The depicted scheme does not show a reaction mechanism in the sense of the definition given in the goldbook. A reaction mechanism always also has to include transition states, that lead to the respective products. It is rather a reaction sequence, that shows the most important steps. In this sense, the stoichiometry has to be conserved and in this sense it is as correct as it could be.

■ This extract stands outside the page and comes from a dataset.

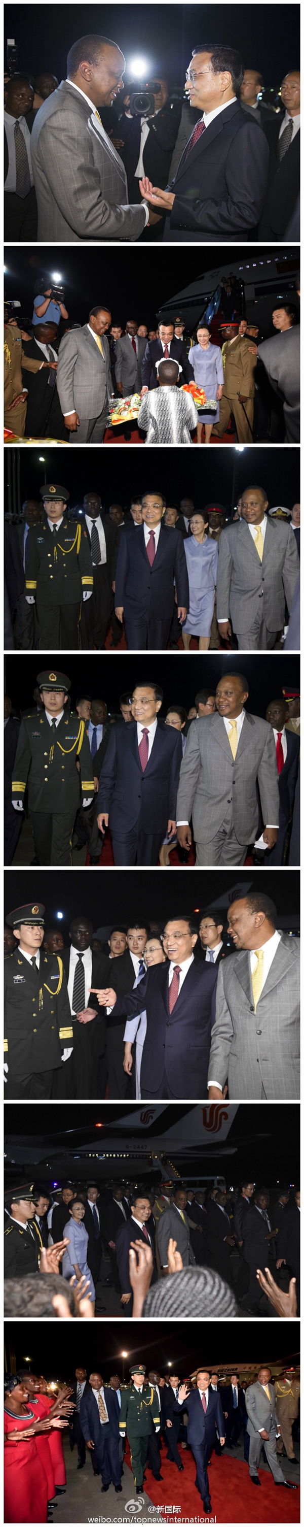 ????新華網(wǎng)北京5月10日電? 據(jù)新華社“新國(guó)際”微博報(bào)道,李克強(qiáng)總理9日晚乘專機(jī)抵達(dá)內(nèi)羅畢,肯尼亞總統(tǒng)肯雅塔和副總統(tǒng)魯托率肯政府高級(jí)官員到機(jī)場(chǎng)迎接,當(dāng)?shù)孛癖娨允⒋蟮奶厣褡甯栉瑁瑲g迎中國(guó)貴賓到來(lái)。

Noteworthy is, that the catalytically active species is not sulfuric acid, but instead a mixture of hydronium and protonated methanol, $\ce{H3+O/H2+OCH3}$. Sulfuric acid is such a strong acid, that it is capable of protonating any solvent that has a lone pair, even itself via autoprotolysis (in concentrated $98\%$ solution). $$\ce{2H2SO4 <=> [H3SO4]+ + [HSO4]- <=> H3+O + [HS2O7]- <=> H2O + H2S2O7}$$ The use of concentrated sulfuric in organic synthesis is usually not advisable, since its dehydration property can quickly decompose many organic compounds that contain hydroxyl groups. The use of diluted sulfuric acid (either in water or alcohols) is therefore much more common.

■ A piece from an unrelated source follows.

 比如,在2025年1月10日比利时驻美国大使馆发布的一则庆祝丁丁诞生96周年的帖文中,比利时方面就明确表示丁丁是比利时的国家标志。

It is only logical, that sulfuric acid will protonate methanol, which can be considered a preceding equilibrium. $$\ce{H2SO4 + HOCH3 <=> H2+OCH3 + [HSO4]- }$$ Since methanol is also the solvent and the acid is only available in catalytic amounts, it is feasible to assume, that the equilibrium lies entirely on the right.

It is also important, that the last step must be also in equilibrium, since it is only the protonation/deprotonation of an ether. Here again we have much more methanol than product, so that the equilibrium will most likely be entirely on the product side.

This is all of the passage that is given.